Амиру - Наталия Романова
В один день они объявляли себя врачами и лечили щенка. Он отказывался есть таблетки, которые стащили у бабушки, поэтому они съели их сами, чтобы собственным примером показать важность лечения.
В другой, прознав про историю капитана Немо, они решали отправиться на подводной лодке из трех шин, связанных лентами Сони, по реке, по той самой, к которой даже подходить нельзя.
Бывали случаи, когда ковбоев заносило на самые дальние поля со свежим зеленым горошком, где их находили местные аборигены и кормили котлетами из передвижной кухни. А то Соня с Рафидой попросту решали, что им срочно нужны новые куклы, и они отправляли на поле с кукурузой. Куклы из кукурузы были красивые и очень удобные, ведь, если не попадались аборигены с котлетами, их в любой момент можно было съесть, безжалостно откусив сначала голову, а потом и тело. Надо ли говорить, что в такие дни Амиру не везло особо, дед был скор на решения и наказания. И в этом не было ничего несправедливого, ведь обязанность гласила «следить за ребятишками», не уследил — будешь наказан.

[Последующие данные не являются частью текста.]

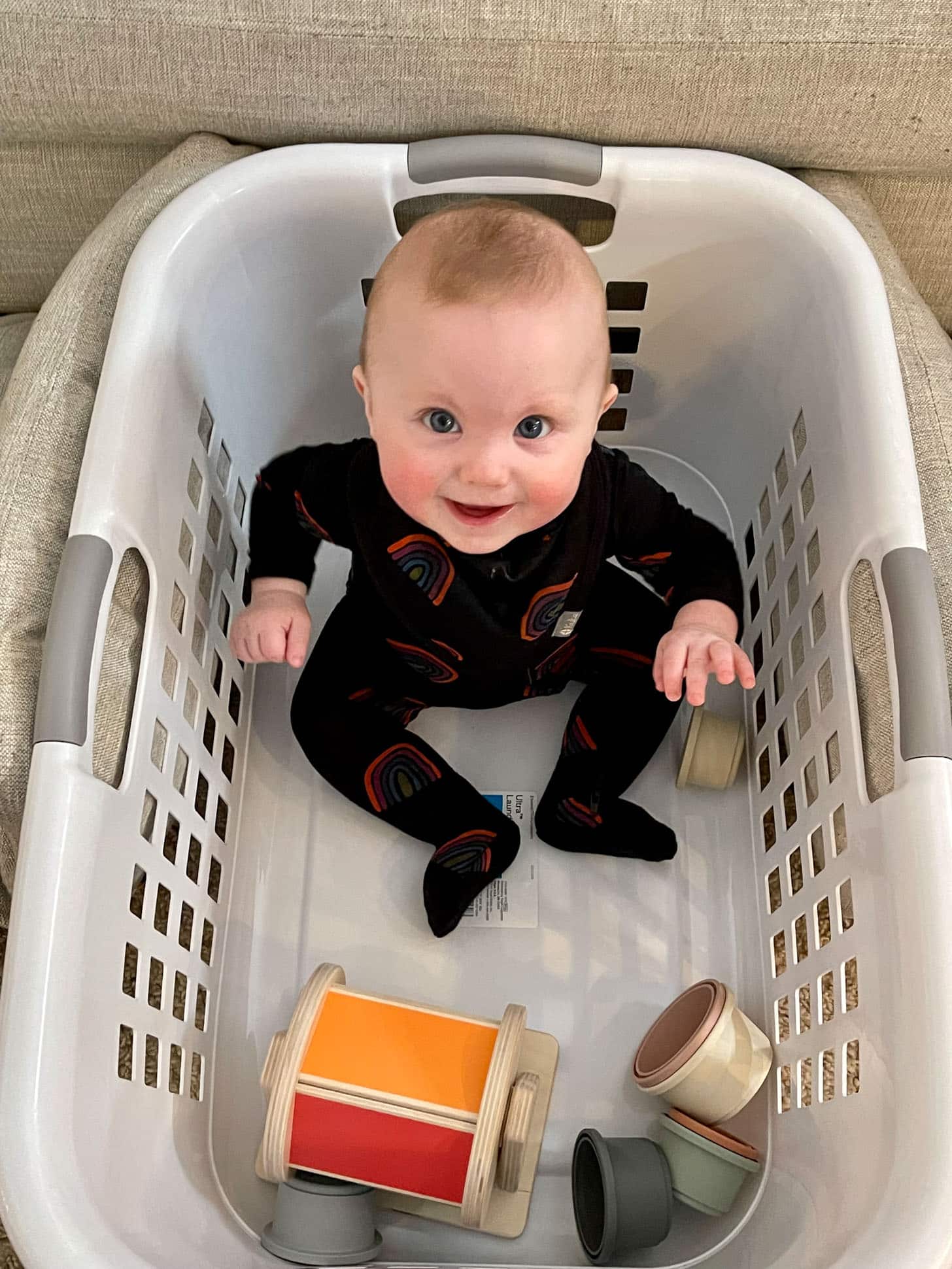 Baby in a basket! Max and Emilia think this is the funniest thing ever.
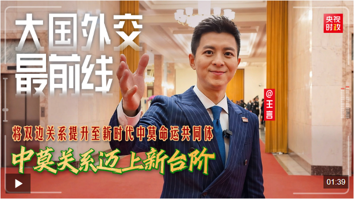 在新的歷史起點(diǎn)上,中莫雙方將如何拓展各領(lǐng)域務(wù)實(shí)合作、實(shí)現(xiàn)共同發(fā)展繁榮?跟著“大國(guó)外交最前線”一起走進(jìn)現(xiàn)場(chǎng)!
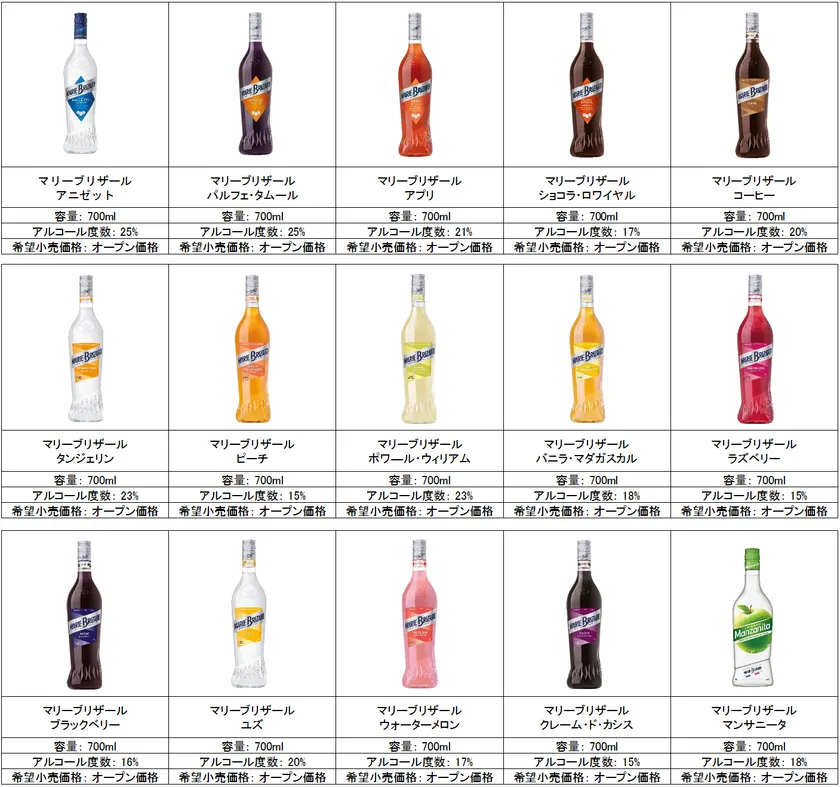 株式会社明治屋(本社:東京都中央区、代表取締役社長:磯野 太市郎)は、フランスのマリーブリザール・ワインズ&スピリッツ社が所有の「マリーブリザール」15アイテムの販売を開始いたします。

Так прошло лето, в играх, разговорах, придумках и приключениях. А осенью вся компания разъехалась по своим городам. Соня — к себе в Ленинград, а Амир с братом и сестрой — на Урал.
На следующее лето история повторилась, как она повторялась из года в год: лето ребята проводили в селе на Средней Волге, играя и познавая мир вокруг себя, а зимой уезжали к себе.
Амир научил Соню ездить на велосипеде, сначала под рамкой. Соня была маленькой, даже слишком маленькой для своего возраста, и ей не покупали детский велосипед, полагая, что на это не следует тратить деньги, а вот когда она вырастет…Но что могло остановить Соню?
И вскоре она лихо гоняла по селу и окрестностям на здоровенном, старом велосипеде «Весна», окрашенным в черный цвет.
Как-то так получилось, что Сонины придумки сначала привлекли Амира, который все чаще и чаще предпочитал компанию младших ребят, а за ним потянулись и другие взрослые мальчишки. Сама же Соня играла как со взрослыми, так и с совсем малышами.
Её истории становились красочней, многослойней, в них стали играть, раздавались роли, из подручных материалов придумывалась одежда, задействованы были все, от мала до велика. Сама же девочка чаще сидела в стороне, обложившись книгами. Читая их попеременно, уходя порой в чтение так, что Амиру, который все еще «приглядывал за ребятишками», несмотря на то, что они вошли в тот возраст, когда он сам начал за ними следить, приходилось уводить её на обед, а там отбирать книгу и следить, чтобы она поела. Как можно не чувствовать голода, недоумевал он. Неудивительно, что Соня была такая худенькая и болезненная. Она могла заболеть от мороженого или перекупаясь в реке, она часто выглядела бледной, несмотря на то, что проводила на улице круглые сутки. Взрослые, глядя на неё, вздыхали, а дети бы надсмехались, если бы не ее бесконечные придумки и Амир за спиной. За четыре лета они стали практически одной семьей, играя попеременно то рядом с домом Сони, то рядом с домом Марата и Рафиды.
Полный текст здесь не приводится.